Another thing I like about this album is that it is pretty brief, so nothing overstays its welcome. My favourite tracks: “Yes, I Know” a wonderful collision between something really wiggy like Vitalic’s “Poney” and a 70’s dancefloor hit… …that sounds like it’s playing in a dustbin; “Pairs” a steady simple track that is grafiti’d with all manner of basslines and synth squiggles; “Springs” which descends into tweaky acid madness that really does make you think of springs; “Long”, a warm and hazy closing track that is probably as warm and cosy as a track still aimed squarely at the floor could possibly be.
“Mala In Cuba” is an intruiging dubstep album built out of samples sourced by Mala on a trip to Cuba. Unfortunately, while it is certainly an interesting listen, I found that the fusion of the two worlds was not quite as complete as I’d hoped. It strikes me as much more of a dubstep album than one filled with references to Cuba or Cuban music. In fact it isn’t really until about halfway through the album (“Como Como”) when a bit of real latin flavour really starts to shine through. “Cuba Electronic” (which follows “Como Como”) is probably the first successful attempt to produce something genuinely new on the album – a wonderful skittering rush that leans heavily on latin percussion samples. Up until then there are clearly latin sounds present but the atmosphere is much more Hoxton than Havana, it’s a rather homeopathic infusion of latin beats into the dubstep sound. (However I do need to listen to it a few more times…)

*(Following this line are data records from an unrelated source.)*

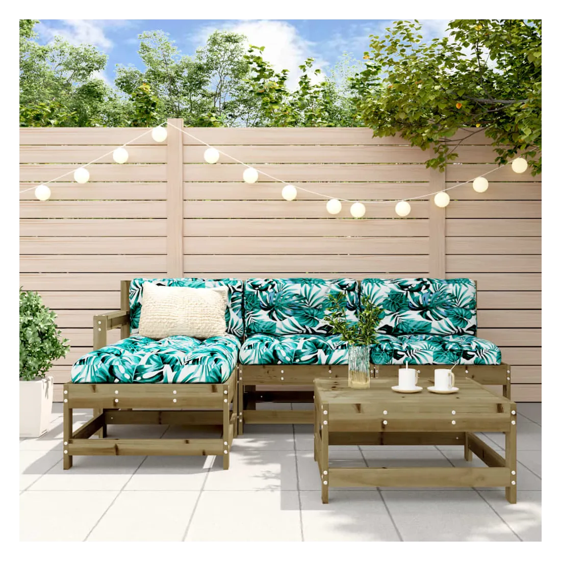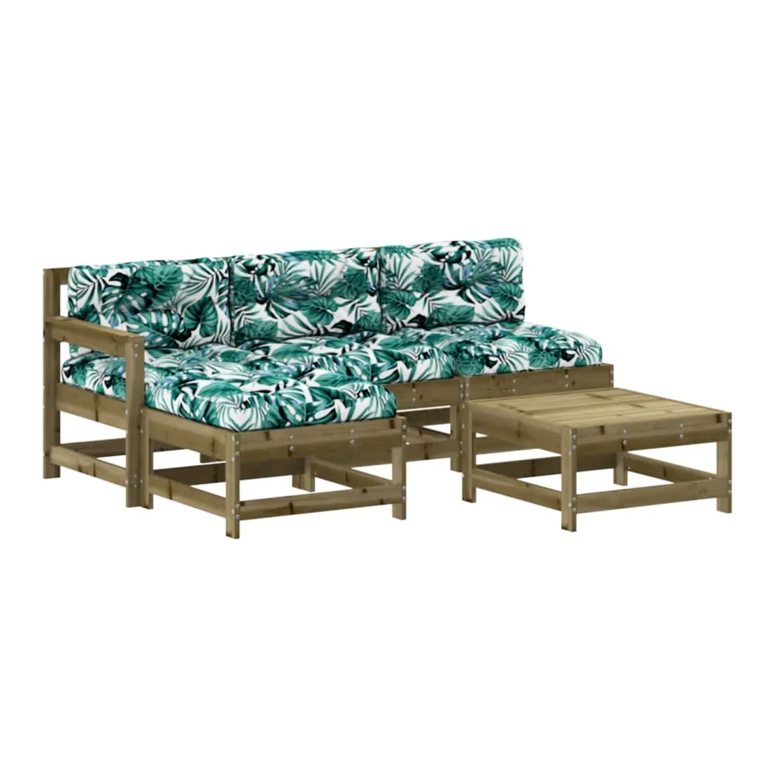 Salon de jardin 5 pcs avec coussins bois de pin imprégné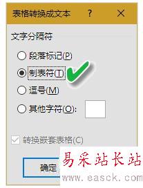 在彈出的“表格轉(zhuǎn)換成文本”對(duì)話框中,勾選“制表符”一項(xiàng),然后點(diǎn)擊“確定”完成轉(zhuǎn)換。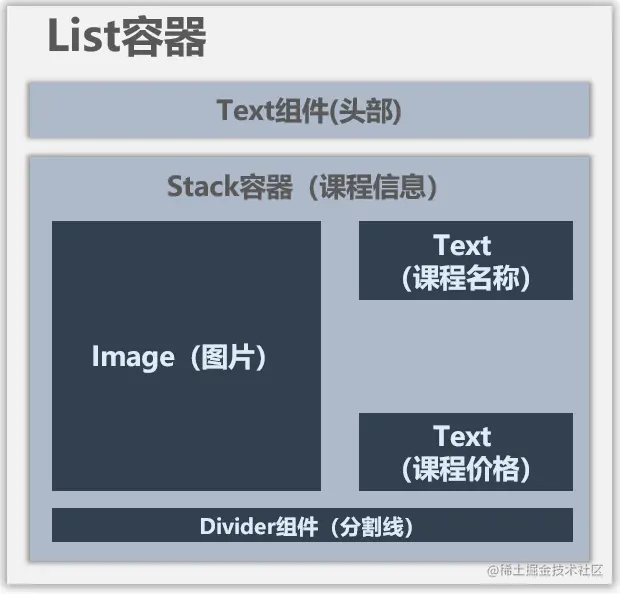 课程信息部分使用Stack堆叠容器,高度设置为height(120),设置子组件在容器内的对齐方式为Alignment.TopStart。Stack组件内嵌Image、Text、Divider组件,用于呈现课程图片、课程标题、课程价格及分割线等信息。具体如下:
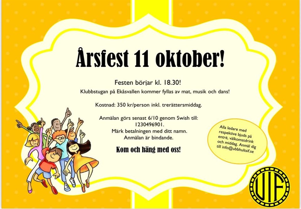 Följ oss för uppdateringarLördagen den 11 oktober är det dags för årets roligaste tillställning! Hoppas vi ses! 🎉
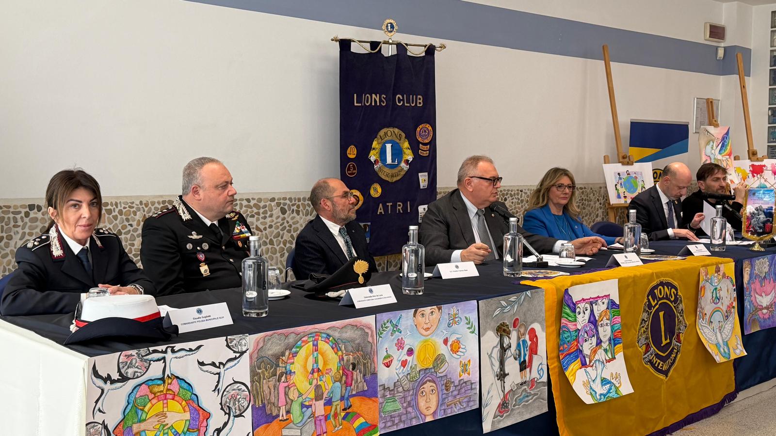 Sono intervenuti per il Lions: Maria Grazia Valentini (Officer V, VI e VII Circoscrizione Poster per la Pace), Antonino Orsatti (Presidente V Circoscrizione e moderatore dell’evento) e Luciano Di Simone (Presidente Lions Club Atri Terre del Cerrano).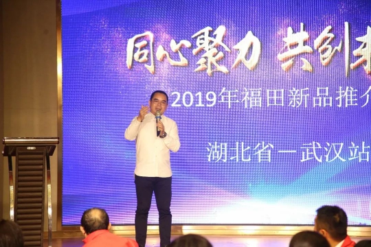 武漢福天發總經理段總致詞,回首30年滿懷感言,面對未來更充滿期待。隨后,湖北大區經理戴志平對福田電器2019年新產品做推介講解。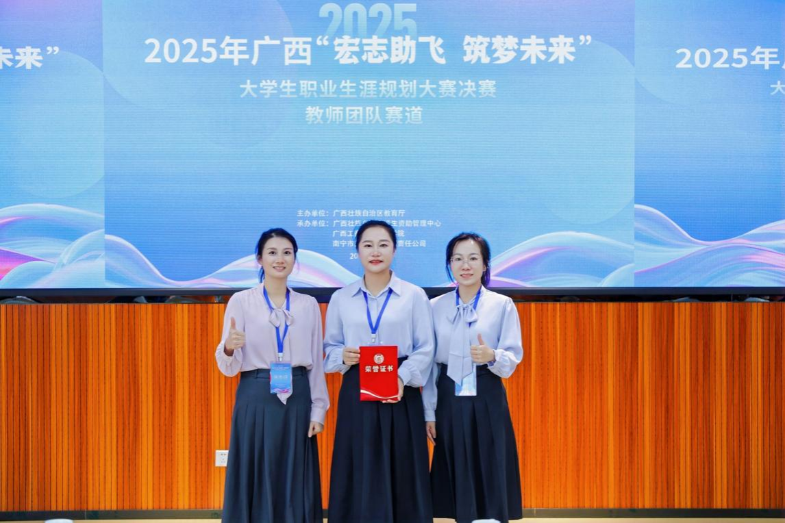 10月26日,由广西壮族自治区教育厅主办的2025年广西“宏志助飞 筑梦未来”大学生职业生涯规划大赛决赛在广西工商职业技术学院圆满落幕,我校师生在决赛中双双斩获银奖。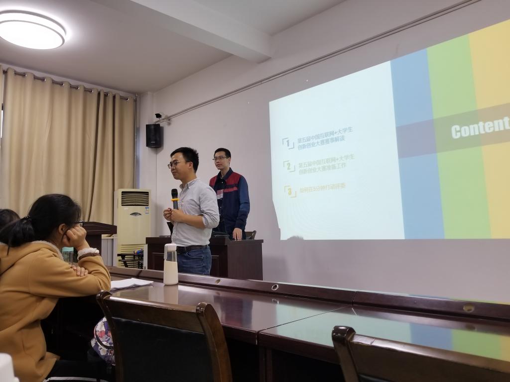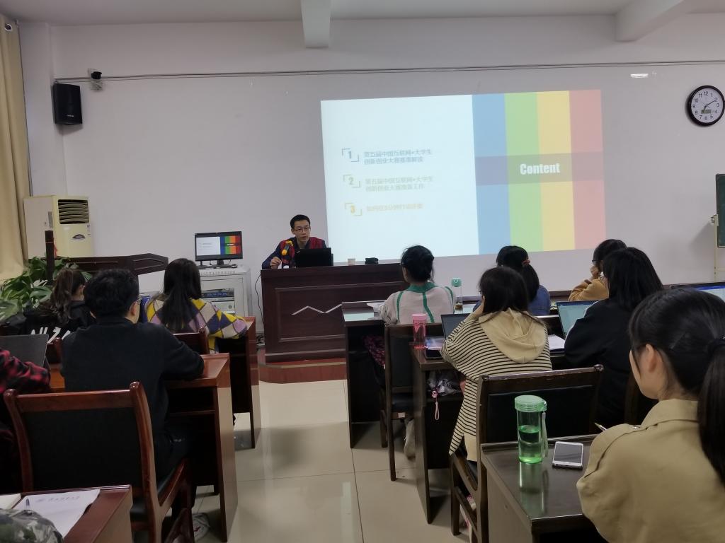 学生做互联网+大学生创新创业大赛赛事解读。解读会由2017级本科生辅导员陈应权主持,财神捕鱼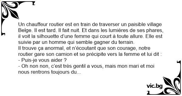 Il trouve ça anormal, et n’écoutant que son courage, notre routier gare son camion et se précipite vers la femme et lui dit :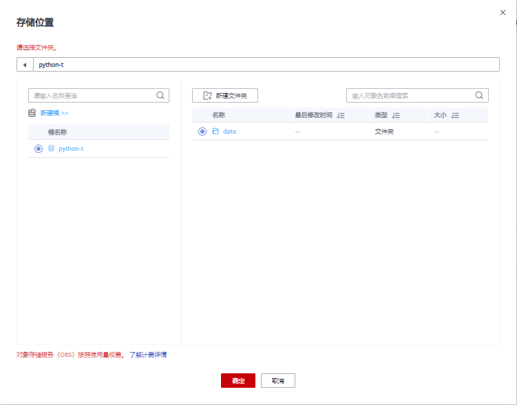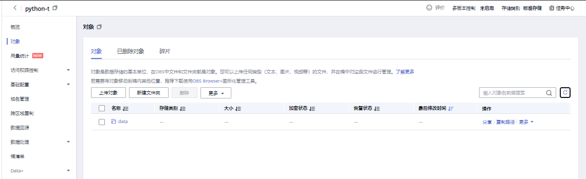 创建完成回到对象存储服务列表,点击刚刚创建的OBS桶名称进入详情页,选择左侧“对象”->“新建文件夹”(存放后续步骤的数据文件)。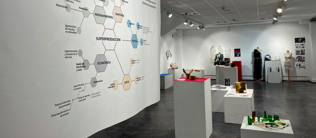 En la exposición se muestran siete de esos proyectos, en los que el alumnado implicado ha desarrollado nuevos soportes para esta ocasión: Elena Cruz (infografía informativa); Sara Arteche (mechandising para concienciar); Lucía Manjarres (colección de moda hecha con plástico con enfoque de denuncia y soportes editoriales); Sofía López (utensilios de cocina de botellas de vidrio reutilizado); Catalina Jacob (revista ilustrada didáctica e informativa); Elecé Allende (fotolibro de denuncia visual en torno a la contaminación plástica); Alexandra (libro de concept art que imagina un mundo postapocalíptico debido a la sobreutilización de plásticos).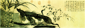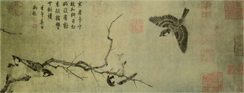 赵佶的花鸟画极注意禽雀与自然环境的密切关系。其画风可分为二类:一是细笔,造型严谨,笔法工整精细,色彩绚丽典雅,传有《祥龙石

I think the track that really hammers home just how good an album “Mala In Cuba” could have been is the final track “Noche Sueños”: the vocal helps to establish the flavour but I also think it is the reason for retaining more instrumentation so that while the synths and drum machines provide surface detail, there are also some organic elements that help to sustain the atmosphere. However, listening to the track again for the purposes of writing this, I found that there were more electronics present than I remembered – again showing how much more successful “Noche Sueños” is compared to the rest of the project.